[Stored records]
※ ※ ※

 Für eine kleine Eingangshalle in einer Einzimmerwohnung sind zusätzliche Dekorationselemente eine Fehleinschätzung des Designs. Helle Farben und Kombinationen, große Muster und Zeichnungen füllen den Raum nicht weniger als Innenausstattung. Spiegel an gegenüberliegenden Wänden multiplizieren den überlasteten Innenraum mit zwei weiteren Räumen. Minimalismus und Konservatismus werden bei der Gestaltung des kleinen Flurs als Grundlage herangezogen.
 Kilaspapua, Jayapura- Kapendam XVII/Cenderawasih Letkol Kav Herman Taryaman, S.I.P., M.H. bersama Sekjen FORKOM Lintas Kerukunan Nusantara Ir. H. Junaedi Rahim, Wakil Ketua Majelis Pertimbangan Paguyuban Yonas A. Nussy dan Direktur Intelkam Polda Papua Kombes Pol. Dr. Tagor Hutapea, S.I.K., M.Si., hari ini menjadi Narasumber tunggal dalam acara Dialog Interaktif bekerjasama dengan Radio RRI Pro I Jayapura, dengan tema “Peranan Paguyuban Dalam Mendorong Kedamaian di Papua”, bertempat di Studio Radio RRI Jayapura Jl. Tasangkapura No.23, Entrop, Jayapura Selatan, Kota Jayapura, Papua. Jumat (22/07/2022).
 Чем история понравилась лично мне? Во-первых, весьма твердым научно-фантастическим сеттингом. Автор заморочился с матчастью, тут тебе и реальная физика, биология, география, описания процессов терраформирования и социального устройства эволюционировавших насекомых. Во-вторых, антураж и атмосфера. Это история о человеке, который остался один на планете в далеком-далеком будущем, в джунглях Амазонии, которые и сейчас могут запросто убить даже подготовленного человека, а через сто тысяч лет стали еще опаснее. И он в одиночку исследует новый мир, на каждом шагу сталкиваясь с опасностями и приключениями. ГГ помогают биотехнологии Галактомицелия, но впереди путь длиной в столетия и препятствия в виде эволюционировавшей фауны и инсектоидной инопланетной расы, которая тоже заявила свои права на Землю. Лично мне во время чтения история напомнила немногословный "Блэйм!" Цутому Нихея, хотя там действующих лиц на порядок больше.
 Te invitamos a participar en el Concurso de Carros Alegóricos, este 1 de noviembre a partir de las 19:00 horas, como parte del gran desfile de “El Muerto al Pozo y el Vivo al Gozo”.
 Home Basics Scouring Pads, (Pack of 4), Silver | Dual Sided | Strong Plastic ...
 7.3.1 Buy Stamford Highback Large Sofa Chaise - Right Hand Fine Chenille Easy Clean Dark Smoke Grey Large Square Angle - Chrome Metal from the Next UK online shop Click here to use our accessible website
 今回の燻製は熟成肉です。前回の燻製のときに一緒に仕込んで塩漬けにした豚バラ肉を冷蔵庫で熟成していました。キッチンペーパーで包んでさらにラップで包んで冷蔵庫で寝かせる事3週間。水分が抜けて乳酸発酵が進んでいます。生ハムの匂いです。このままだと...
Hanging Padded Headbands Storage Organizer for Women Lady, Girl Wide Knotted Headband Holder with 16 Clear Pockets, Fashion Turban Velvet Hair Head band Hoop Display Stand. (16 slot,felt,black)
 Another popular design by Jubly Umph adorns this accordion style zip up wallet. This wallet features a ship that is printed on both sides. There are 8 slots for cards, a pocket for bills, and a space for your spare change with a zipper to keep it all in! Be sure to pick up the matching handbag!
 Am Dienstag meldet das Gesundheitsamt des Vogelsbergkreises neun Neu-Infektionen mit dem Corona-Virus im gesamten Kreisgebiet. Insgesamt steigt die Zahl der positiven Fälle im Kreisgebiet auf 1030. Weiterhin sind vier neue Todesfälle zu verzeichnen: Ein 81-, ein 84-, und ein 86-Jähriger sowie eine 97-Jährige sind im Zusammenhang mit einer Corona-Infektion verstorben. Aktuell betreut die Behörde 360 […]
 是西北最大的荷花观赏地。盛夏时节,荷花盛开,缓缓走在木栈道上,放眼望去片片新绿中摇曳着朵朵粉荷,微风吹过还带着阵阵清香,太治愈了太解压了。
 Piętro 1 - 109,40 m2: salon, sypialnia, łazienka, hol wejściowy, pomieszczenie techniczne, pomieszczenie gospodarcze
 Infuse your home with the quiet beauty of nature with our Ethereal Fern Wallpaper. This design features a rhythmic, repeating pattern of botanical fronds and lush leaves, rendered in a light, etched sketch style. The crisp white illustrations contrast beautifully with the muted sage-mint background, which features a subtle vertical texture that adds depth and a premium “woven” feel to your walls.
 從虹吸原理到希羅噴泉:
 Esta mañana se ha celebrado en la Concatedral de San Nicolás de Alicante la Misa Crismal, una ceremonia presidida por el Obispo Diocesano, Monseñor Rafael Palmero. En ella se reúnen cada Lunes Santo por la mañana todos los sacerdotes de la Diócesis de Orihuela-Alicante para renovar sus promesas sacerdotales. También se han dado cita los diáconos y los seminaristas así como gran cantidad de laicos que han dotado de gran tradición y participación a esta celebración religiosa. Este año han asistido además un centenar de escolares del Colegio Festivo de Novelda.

※ ※ ※

## TASK OBJECTIVE
Set down, exactly as they stand above, the lines starting with the line with "今回の燻製は熟成肉です。前回" and going on through the line with "Another popular design", and no others.

## TASK ANSWER
 今回の燻製は熟成肉です。前回の燻製のときに一緒に仕込んで塩漬けにした豚バラ肉を冷蔵庫で熟成していました。キッチンペーパーで包んでさらにラップで包んで冷蔵庫で寝かせる事3週間。水分が抜けて乳酸発酵が進んでいます。生ハムの匂いです。このままだと...
Hanging Padded Headbands Storage Organizer for Women Lady, Girl Wide Knotted Headband Holder with 16 Clear Pockets, Fashion Turban Velvet Hair Head band Hoop Display Stand. (16 slot,felt,black)
 Another popular design by Jubly Umph adorns this accordion style zip up wallet. This wallet features a ship that is printed on both sides. There are 8 slots for cards, a pocket for bills, and a space for your spare change with a zipper to keep it all in! Be sure to pick up the matching handbag!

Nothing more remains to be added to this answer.